McDonald’s is a prime example of how marketing can transform public perception. Few people would argue that McDonald’s makes the best cheeseburger they’ve ever tasted. Yet statistics show that McDonald’s sells more cheeseburgers than any other restaurant.


McDonald’s strategic marketing efforts, brand consistency, and relentless focus on success bring results that shareholders want. Shareholders want the restaurant to be profitable. They created a marketing strategy, and they executed their plan. They’ve built a tribe of followers that recognizes the golden arches—a tactic.

We can learn a lot from that example.

Building a Positive Narrative

To prepare for success after prison, we need effective strategies. Those strategies should include tactics to help others see our commitment to reconciliation. 

  • Step 1: We should build a record of incremental progress that supports our commitment to success.
  • Step 2: We should memorialize how we’ve worked to prepare.
  • Step 3: We should show how we’ve contributed to the making of a better culture or community, documenting the story of how many people we’ve helped.

Those micro steps, over time, can help us restore confidence and help others begin to view us from a different lens. Instead of judging us for the decisions that led to our criminal conviction, they begin to see us for how we responded. This effort helps us build trust, and we can translate our body of work into a better reputation. 

No one will know what we’ve done if we do not document our preparations for success upon release. Without a personal action plan, we can get stuck with a bad reputation, limiting our opportunities.

When I visit prisons to present the importance of preparing for success upon release, many people tell me how hard they work. I engage members of the audience with a question about reading.

  • Could you tell me how many books you’ve read since you began serving your sentence?

Typically, people say that they read a lot.

But saying “I read a lot of books” is not nearly as powerful as giving data:

  • “I’ve read 92 books and I’ve written 92 book reports.
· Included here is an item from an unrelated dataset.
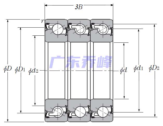 | 滾珠絲杠用三列推力角接觸球軸承 - DTT配對,雙面密封,三排承受軸向載荷 - 尺寸 | |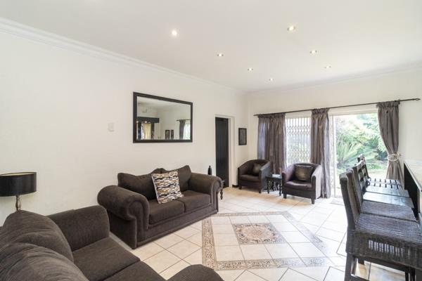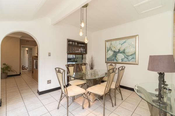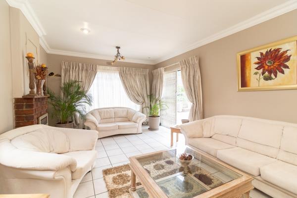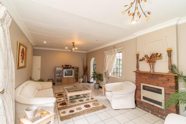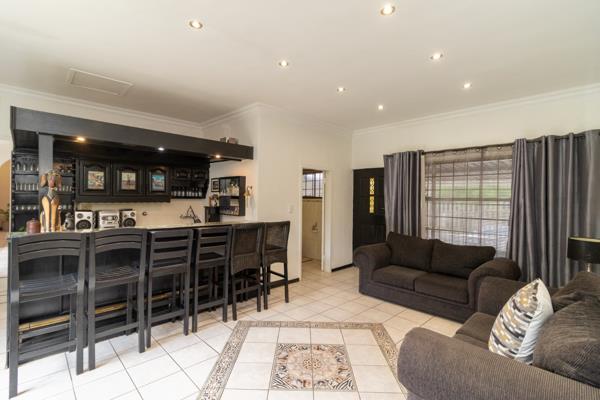 This inviting property offers 4 sunlit, carpeted bedrooms with modern mirror-door cupboards, complemented by 3 stylish bathrooms, including a main en-suite. Enjoy a warm, welcoming lounge with an anthracite fireplace, a separate dining room, and a versatile entertainment area complete with a built-in bar and 5 bar stools. The bar area can easily be converted into an income-generating flatlet. The kitchen features an eye-level oven, ample workspace, and room for 3 under-counter appliances.

Each report shows the reason I chose to read the book, what I learned, and why reading it will contribute to my success upon release.”

If a person can show all 92 reports in a central location, he has an asset—a resource. He can use that resource to validate his self-directed effort to prepare for success. People will begin to view him from a different lens. He isn’t the kind of person who talks about wanting to succeed upon release. Instead, he is the kind of person who knows how to prepare for success. 

The harder a person works to memorialize his preparations for success, the more credibility and trust he builds. Those records become transformational, improving an online reputation. It’s part of a personal marketing strategy, empowering people to communicate with a broader audience.

We should work to build a tribe of advocates.

Building a Tribe: Helping Others Succeed

Many people in prison use their time to help others. They should record the efforts they’re making to build better communities. For example, if a person led a class that resulted in five people earning their GED, then it would be helpful for the person to document those efforts. We want people to work toward becoming good citizens, and we want them to show the impact they’re having on building safer communities. 

This strategy will help others see them differently. 

To assist community members, we’re investing in building data graphs. If a person influences five people to prepare for success, and those five people go on to influence five more people, a person’s influence grows in geometric proportions. Recording those contributions will help a person tell a more compelling story about working to reconcile with society.

We want people to be extraordinary and compelling. For that reason, we encourage participants to help others commit to this strategy of preparing for success upon release. To the extent we’re able, our nonprofit will continue producing resources to help.

Just as McDonald’s built its empire through strategic marketing and consistent messaging, we can redefine our image by showcasing positive contributions, transparency, a commitment to personal growth, and pursuing excellence. 

Start building a tribe. Show your positive influences on improving your community, and use that story to open new opportunities. Personal marketing is not about erasing one’s history but embracing growth, redemption, and a determination to be a law-abiding, contributing citizen.